20. The first floor ‘laundry room’ is an en-suite single bedroom, which Mrs Thorne believed should be included within the total lettable space of the hotel given the existence of other laundry rooms on the ground and second floors. Her evidence was that she had never experienced a hotel of this size having laundry rooms on each of three floors. Mr Patel explained that laundry was collected weekly by a contractor from cages on the ground floor. Without a lift in the hotel, and with landings between the bedrooms being too narrow for a laundry trolley, it was necessary to collect first floor laundry in a room on that floor to minimise disruption to customers.

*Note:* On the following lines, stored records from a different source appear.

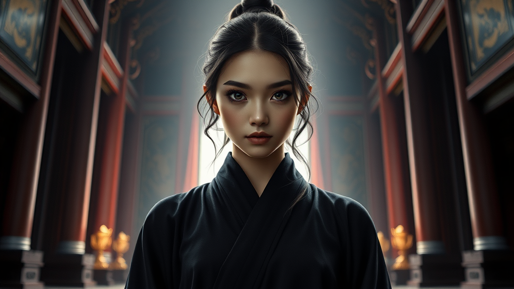 A young woman dressed in elegantly draped dark robes stands within a grand temple setting. Her eyes, perfectly symmetrical, gaze with intensity, enhanced by dramatic, atmospheric lighting that casts intricate shadows. The scene is captured with incredible realism and a sharp focus, achieving high-definition quality akin to a hyperrealistic photograph. Each detail is meticulously intricate, thanks to advanced raytracing and physics-based rendering techniques, resulting in a highly detailed RAW color photograph. The image is designed to serve as an ultra-high resolution, highly detailed 8K wallpaper. The craftsmanship showcases elements of CGI and digital painting, blending aspects of 3D art, anime, and illustration to create a unified and visually compelling piece.
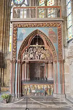 Der Schrein, in dem ehemals die Gebeine Elisabeths lagen, im Dachbereich einige Darstellungen aus dem Leben der Heiligen
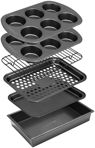 View full detailsNutriChef 6-Piece Toaster Oven Bakeware Set, Compact Non-Stick Stackable Baking Pan Set with Muffin Pans, Roasting Tray & Baking Sheets, Durable Stain-Resistant Carbon Steel Design for Toaster Ovens
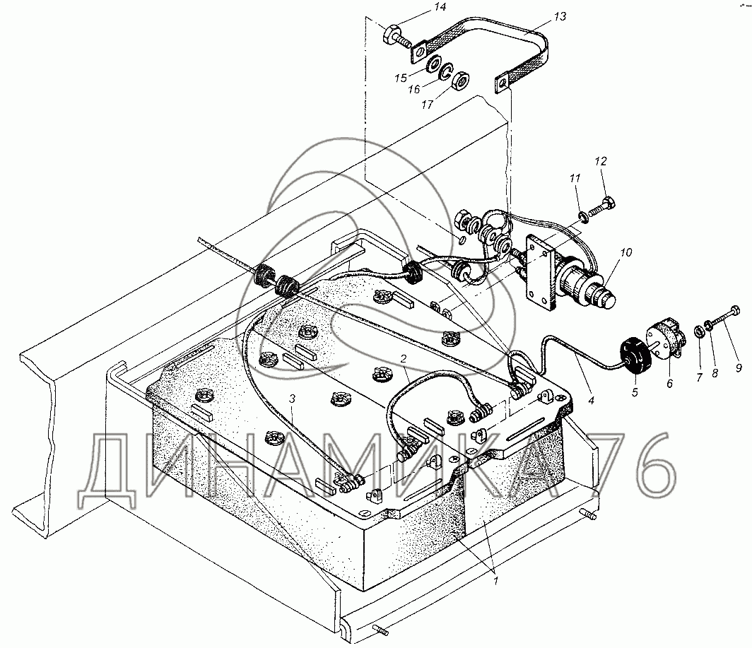 Перечень комплектующих от Установка аккумуляторных батарей на МАЗ-64226

21. During cross-examination, Mr Patel acknowledged that at the material day of 31 March 2017 the number of rooms to be cleaned and turned round would on average have been 4-5 per day across the hotel. We conclude that the scale of the business at that date was not sufficient to necessitate a dedicated laundry room on the first floor, and the provision of two laundry rooms was, in any event, more usual for an establishment with 15 lettable bedrooms.
22. In summary we accept the appellant’s assessment of the DBU, with the exception of the first floor laundry room, which we add in at 0.7 for a single room, making a total DBU for the hotel of 12.94.

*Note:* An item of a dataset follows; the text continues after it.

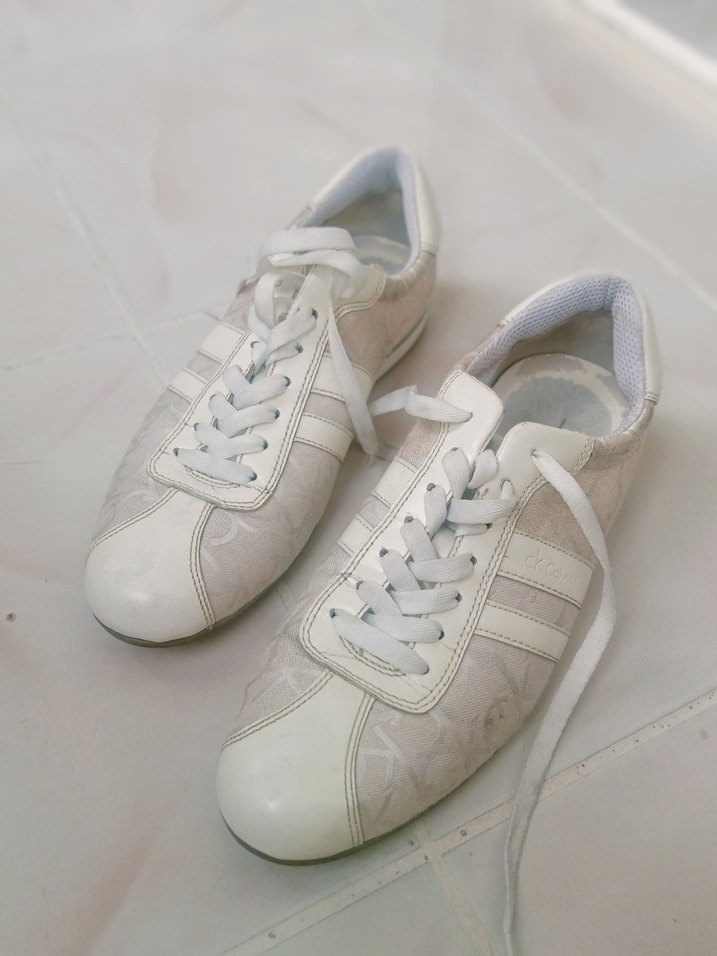 Bağcıklı beyaz spor ayakkabısı. Kauçuk tabanlı, günlük kullanım için uygundur.

Issue 2 - Application of an appropriate valuation methodology
23. Neither party provided evidence of rents at the valuation date of 1 April 2008 so both looked at other valuation approaches, suggested by Section 510.
24. The ‘shortened receipts and expenditure method’ is used for 4* and 5* hotels, and major chain operated hotels, under a national valuation scheme agreed with industry representatives. The fair maintainable trade (“FMT”) (i.e. maintainable level of annual receipts) is established by reference to accounts for the three years prior to the valuation date, and a percentage is then applied to arrive at rateable value. Agreed scales provide for the number of DBU and the proportion of accommodation receipts within the total turnover to be taken into account in selecting the appropriate percentage to apply.

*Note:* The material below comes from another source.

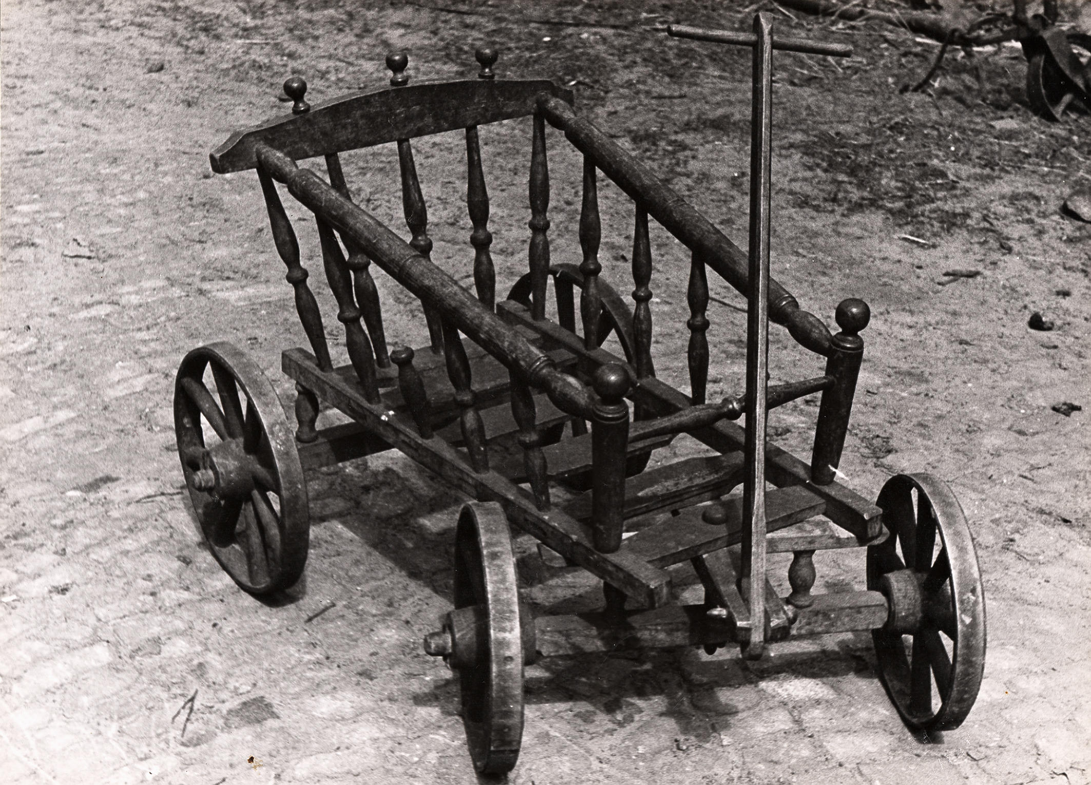Houten kindertrekwagentje, Staphorst, 1944 (zwart-wit foto)

25. For smaller hotels, the national valuation scheme is not directly applicable and the methodology used would be a comparative rental value per DBU based on locally suitable comparable evidence. In the absence of actual rental evidence, the availability of a settled tone of the list for 2010 rateable values could be substituted.
26. Mr Patel pointed out that whilst the Brent Hotel would be classified as a ‘small independent hotel’, not normally valued under the scheme of valuation based on FMT, there was no prescribed basis of valuation. He proposed that the appropriate methodology for the Hotel should be a percentage of FMT.
27. Mr Patel provided evidence of profit and loss accounts for the Hotel for the three years ending 28 February 2009, 2010 and 2011. The receipts for those years were £172,153, £127,214 and £153,748 respectively. No accounts from earlier years were available to him.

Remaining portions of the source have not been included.